By the later 19th century, the term "bachelor" had acquired the general sense of "unmarried man". The expression bachelor party is recorded 1882. In 1895, a feminine equivalent "bachelor-girl" was coined, replaced in US English by "bachelorette" by the mid-1930s. In England and Wales, the term "bachelor" remained the official term used for the purpose of marriage registration until 2005, when it was abolished in favor of "single."

Bachelors have been subject to penal laws in many countries, most notably in Ancient Sparta and Rome. At Sparta, men unmarried after a certain age were subject to various penalties (ἀτιμία, atimía): they were forbidden to watch women's gymnastics; during the winter, they were made to march naked through the agora singing a song about their dishonor; and they were not provided with the traditional respect due to the elderly.

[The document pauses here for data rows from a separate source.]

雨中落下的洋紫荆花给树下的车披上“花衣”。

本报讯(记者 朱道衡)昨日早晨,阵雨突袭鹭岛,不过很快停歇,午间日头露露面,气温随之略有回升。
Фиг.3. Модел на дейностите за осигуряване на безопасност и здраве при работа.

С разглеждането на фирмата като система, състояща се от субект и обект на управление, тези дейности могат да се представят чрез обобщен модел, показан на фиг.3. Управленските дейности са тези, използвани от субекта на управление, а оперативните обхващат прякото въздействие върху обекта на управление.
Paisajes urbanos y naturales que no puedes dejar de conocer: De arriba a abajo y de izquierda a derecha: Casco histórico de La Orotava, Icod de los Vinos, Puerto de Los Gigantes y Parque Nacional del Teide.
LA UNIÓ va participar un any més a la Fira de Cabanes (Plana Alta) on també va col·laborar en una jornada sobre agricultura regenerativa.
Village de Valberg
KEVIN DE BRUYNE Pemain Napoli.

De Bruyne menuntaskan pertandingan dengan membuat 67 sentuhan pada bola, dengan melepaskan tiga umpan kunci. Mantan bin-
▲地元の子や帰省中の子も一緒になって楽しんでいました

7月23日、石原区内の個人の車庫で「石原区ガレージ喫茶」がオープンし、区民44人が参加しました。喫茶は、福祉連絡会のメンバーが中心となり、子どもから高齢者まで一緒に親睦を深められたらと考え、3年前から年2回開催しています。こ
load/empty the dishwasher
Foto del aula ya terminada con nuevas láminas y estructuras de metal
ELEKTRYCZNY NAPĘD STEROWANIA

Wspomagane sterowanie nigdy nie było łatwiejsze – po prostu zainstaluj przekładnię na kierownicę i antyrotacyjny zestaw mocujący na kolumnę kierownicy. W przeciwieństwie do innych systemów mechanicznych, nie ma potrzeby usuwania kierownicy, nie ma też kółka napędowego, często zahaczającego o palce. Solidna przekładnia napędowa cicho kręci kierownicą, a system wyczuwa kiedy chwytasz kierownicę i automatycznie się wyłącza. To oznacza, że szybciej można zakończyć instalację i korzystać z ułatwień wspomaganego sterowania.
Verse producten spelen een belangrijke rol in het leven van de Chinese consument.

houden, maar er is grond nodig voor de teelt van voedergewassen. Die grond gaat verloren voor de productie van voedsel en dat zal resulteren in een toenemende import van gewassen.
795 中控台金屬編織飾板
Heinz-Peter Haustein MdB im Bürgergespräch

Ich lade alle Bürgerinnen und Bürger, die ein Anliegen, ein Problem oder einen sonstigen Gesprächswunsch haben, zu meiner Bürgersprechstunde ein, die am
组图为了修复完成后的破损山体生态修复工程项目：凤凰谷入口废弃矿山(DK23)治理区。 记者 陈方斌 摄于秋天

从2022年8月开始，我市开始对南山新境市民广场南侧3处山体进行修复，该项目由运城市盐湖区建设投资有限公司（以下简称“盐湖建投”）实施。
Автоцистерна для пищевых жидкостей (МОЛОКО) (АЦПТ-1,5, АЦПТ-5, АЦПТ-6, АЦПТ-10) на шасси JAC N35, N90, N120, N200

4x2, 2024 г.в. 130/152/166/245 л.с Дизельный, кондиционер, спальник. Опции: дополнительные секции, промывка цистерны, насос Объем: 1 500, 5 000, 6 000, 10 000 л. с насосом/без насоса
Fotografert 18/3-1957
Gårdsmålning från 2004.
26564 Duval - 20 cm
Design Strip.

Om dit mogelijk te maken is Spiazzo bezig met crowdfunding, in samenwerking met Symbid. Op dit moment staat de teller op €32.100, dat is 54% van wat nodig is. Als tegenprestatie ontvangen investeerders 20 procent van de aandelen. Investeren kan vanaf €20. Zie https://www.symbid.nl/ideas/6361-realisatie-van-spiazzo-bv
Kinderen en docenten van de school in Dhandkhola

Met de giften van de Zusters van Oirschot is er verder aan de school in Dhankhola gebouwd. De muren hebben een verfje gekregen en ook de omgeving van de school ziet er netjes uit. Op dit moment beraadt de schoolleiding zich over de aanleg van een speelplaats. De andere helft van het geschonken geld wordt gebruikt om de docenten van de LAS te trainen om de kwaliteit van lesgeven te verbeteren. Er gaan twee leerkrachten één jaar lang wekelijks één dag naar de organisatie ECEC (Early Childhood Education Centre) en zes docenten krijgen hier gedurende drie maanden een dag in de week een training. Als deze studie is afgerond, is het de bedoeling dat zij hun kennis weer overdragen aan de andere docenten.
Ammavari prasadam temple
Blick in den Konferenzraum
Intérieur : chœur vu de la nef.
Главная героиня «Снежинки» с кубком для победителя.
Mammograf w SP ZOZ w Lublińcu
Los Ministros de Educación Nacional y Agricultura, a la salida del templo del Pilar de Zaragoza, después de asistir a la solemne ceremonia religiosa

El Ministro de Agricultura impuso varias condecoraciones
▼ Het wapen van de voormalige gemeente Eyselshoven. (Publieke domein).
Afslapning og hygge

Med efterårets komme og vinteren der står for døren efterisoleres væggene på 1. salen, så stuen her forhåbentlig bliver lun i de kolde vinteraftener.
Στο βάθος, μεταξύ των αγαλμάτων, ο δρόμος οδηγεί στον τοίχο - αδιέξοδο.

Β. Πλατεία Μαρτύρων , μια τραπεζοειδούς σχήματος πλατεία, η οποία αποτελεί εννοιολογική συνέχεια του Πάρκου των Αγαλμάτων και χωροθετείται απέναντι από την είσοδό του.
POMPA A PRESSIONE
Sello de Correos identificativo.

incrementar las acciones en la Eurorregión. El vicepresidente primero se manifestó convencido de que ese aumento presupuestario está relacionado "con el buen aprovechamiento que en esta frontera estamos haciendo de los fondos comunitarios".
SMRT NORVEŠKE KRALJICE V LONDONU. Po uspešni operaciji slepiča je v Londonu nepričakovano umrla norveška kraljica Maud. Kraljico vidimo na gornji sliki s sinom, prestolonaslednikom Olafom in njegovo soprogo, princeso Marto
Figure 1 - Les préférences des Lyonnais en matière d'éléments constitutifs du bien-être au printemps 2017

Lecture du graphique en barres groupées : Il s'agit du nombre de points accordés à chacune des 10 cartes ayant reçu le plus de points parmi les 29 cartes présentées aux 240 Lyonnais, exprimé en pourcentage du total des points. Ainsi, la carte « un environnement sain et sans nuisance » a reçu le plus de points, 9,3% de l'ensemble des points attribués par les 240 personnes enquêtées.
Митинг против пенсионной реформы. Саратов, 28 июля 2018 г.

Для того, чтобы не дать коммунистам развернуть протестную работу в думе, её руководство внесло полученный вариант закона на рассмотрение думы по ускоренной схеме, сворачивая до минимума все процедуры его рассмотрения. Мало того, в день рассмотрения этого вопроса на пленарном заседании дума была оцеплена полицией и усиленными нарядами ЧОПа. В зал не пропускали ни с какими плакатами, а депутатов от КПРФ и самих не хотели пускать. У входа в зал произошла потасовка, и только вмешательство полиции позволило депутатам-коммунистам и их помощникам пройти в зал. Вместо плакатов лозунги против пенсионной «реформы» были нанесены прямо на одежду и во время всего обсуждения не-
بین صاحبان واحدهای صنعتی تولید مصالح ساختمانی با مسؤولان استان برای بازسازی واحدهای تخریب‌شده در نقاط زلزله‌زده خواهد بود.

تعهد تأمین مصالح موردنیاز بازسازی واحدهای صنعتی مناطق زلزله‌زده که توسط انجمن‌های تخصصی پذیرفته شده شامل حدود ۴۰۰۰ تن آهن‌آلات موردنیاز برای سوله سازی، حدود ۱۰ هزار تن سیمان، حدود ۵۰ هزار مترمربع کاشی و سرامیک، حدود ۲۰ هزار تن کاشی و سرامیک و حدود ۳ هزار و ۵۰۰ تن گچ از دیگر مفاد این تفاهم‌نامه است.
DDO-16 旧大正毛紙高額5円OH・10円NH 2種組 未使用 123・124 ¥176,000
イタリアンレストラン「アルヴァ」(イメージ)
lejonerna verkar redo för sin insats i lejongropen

Some Athenian laws were similar.
Over time, some punishments developed into no more than a teasing game. In some parts of Germany, for instance, men who were still unmarried by their 30th birthday were made to sweep the stairs of the town hall until kissed by a "virgin". In a 1912 Pittsburgh Press article, there was a suggestion that local bachelors should wear a special pin that identified them as such, or a black necktie to symbolize that "....they [bachelors] should be in perpetual mourning because they are so foolish as to stay unmarried and deprive themselves of the comforts of a wife and home."

The idea of a tax on bachelors has existed throughout the centuries. Bachelors in Rome fell under the Lex Julia of 18 BC and the Lex Papia Poppaea of AD 9: these lay heavy fines on unmarried or childless people while providing certain privileges to those with several children. A law known as the Marriage Duty Act 1695 was imposed on single males over 25 years old by the English Crown to help generate income for the Nine Years' War. In Britain, taxes occasionally fell heavier on bachelors than other persons: examples include 6 & 7 Will. 3, the 1785 Tax on Servants, and the 1798 Income Tax.

A study that was conducted by professor Charles Waehler at the University of Akron in Ohio on non-married heterosexual males deduced that once non-married men reach middle age, they will be less likely to marry and will remain unattached later into their lives. The study concluded that there is only a 1-in-6 chance that men older than 40 will leave the single life, and that after the age 45, the odds fall to 1-in-20.

In certain Gulf Arab countries, "bachelor" can refer to men who are single as well as expatriate men married to a spouse residing in their country of origin (due to the high added cost of sponsoring a spouse onsite).

== Bachelorette ==

The term bachelorette is sometimes used to refer to a woman who has never been married.

The traditional female equivalent to bachelor is spinster, which is considered pejorative and implies unattractiveness (i.e. old maid, cat lady). The term "bachelorette" has been used in its place, particularly in the context of bachelorette parties and reality TV series The Bachelorette.

==See also==
- Bachelor pad
- Herbivore men
- Men Going Their Own Way
- Singleton (lifestyle)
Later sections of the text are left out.